Tuesday, November 18, 2003

Hair Brain

Hair Brain


Harian Metro (KL Edition), a Malaysian Malay tabloid, today reports how a 19-year old girl was molested by a man who claimed to be able to cure her hair loss problem "spiritually", using body massage. Only after three sessions of such "treatment" did she realise she was duped.

I suppose hair is very important to a woman. The other day, a female colleague of mine--let's call her Hairbrain-- asked me to comment on her newly dyed coiffure: does it make her look better? Usually I am quite brutal when it comes to assessing a woman's beauty; but this time, I had to agree: it did help to enhance her appearance.

When I asked how much she spent on the whole thing, Hairbrain told me it was close to 1 million rupiah, not including tips for the shampoo girl and hairstylist.

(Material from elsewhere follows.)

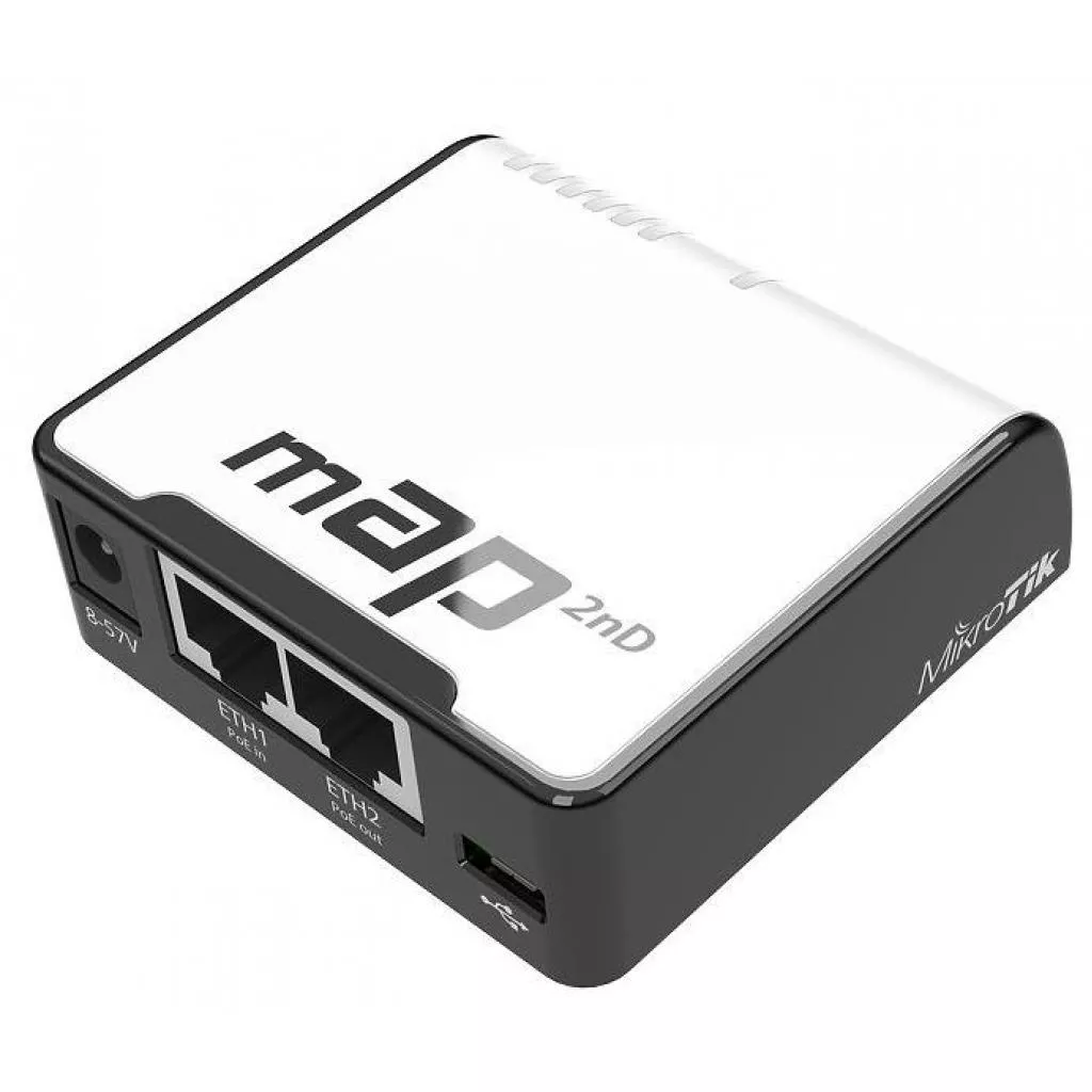 Маршрутизатор MikroTik mAP (RBmAP2nD) является беспроводной точкой доступа очень маленького размера, но с полными возможностями RouterOS.
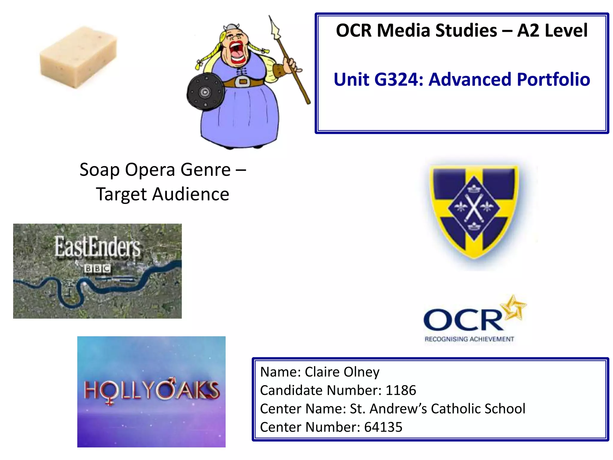 The document analyzes the target audiences of two British soap operas - EastEnders and Hollyoaks. It discusses that EastEnders typically appeals to an older working class audience who can relate to the characters' situations. In contrast, Hollyoaks targets a younger audience still in education through storylines focused on issues relevant to teenagers like pregnancy and sexuality. Both soaps aim to portray real life problems and provide helpline information to help audience members dealing with similar issues.

The day before, I had paid only 50,000 rupiah for an Indonesian-style creambath (a herbal scalp wash, coupled with a nice neck and shoulder massage) and a haircut by a skillful gay hairstylist at Rudy's--and that's probably the most I have ever spent at a hair salon in Jakarta. I know I am a cheapskate but the amount of money that women are willing to spend on these things never cease to amaze me.

But I still told her that it's a good investment: From a man's point of view, a woman's hair do carry a lot of marks.

In Scent of a Woman, Al Pacino, playing a blind retired colonel, raved about a woman's hair:
"Women. What could you say? Who made 'em? God must've been a f**king genius. Hair. They say that hair's everything you know. Have you ever buried your nose in a mountain of curls and just wanted to go to sleep forever?"
And Yeats, ever so eloquent about love, expressed it succintly in the poem, Brown Penny:
"I am looped in the loops of her hair"
Hairbrain, who always complain that books are so expensive, did not hesitate a second to spend 1 million rupiah on her hair. That is probably more than what she spends buying books and trashy female magazines in one year. But I suppose she has got her priorities right.

Being educated in some of the best schools in Australia and Switzerland, Hairbrain can claim to have "brains". But still she was dumped by her ex-boyfriend for a curvacious Cengkareng golf caddy with luscious hair! (Heard they are happily married now).

I suppose Hairbrain learned the hard way that most men go for hair, not brains. Which man can resist the sight of lovely tresses flowing down the smooth slender shoulders of a lissome young woman?

Being a man, I have to reluctantly agree. And having heard so much about the female caddies of Cengkareng, lately I am seriously considering my friends' advice to take up golf.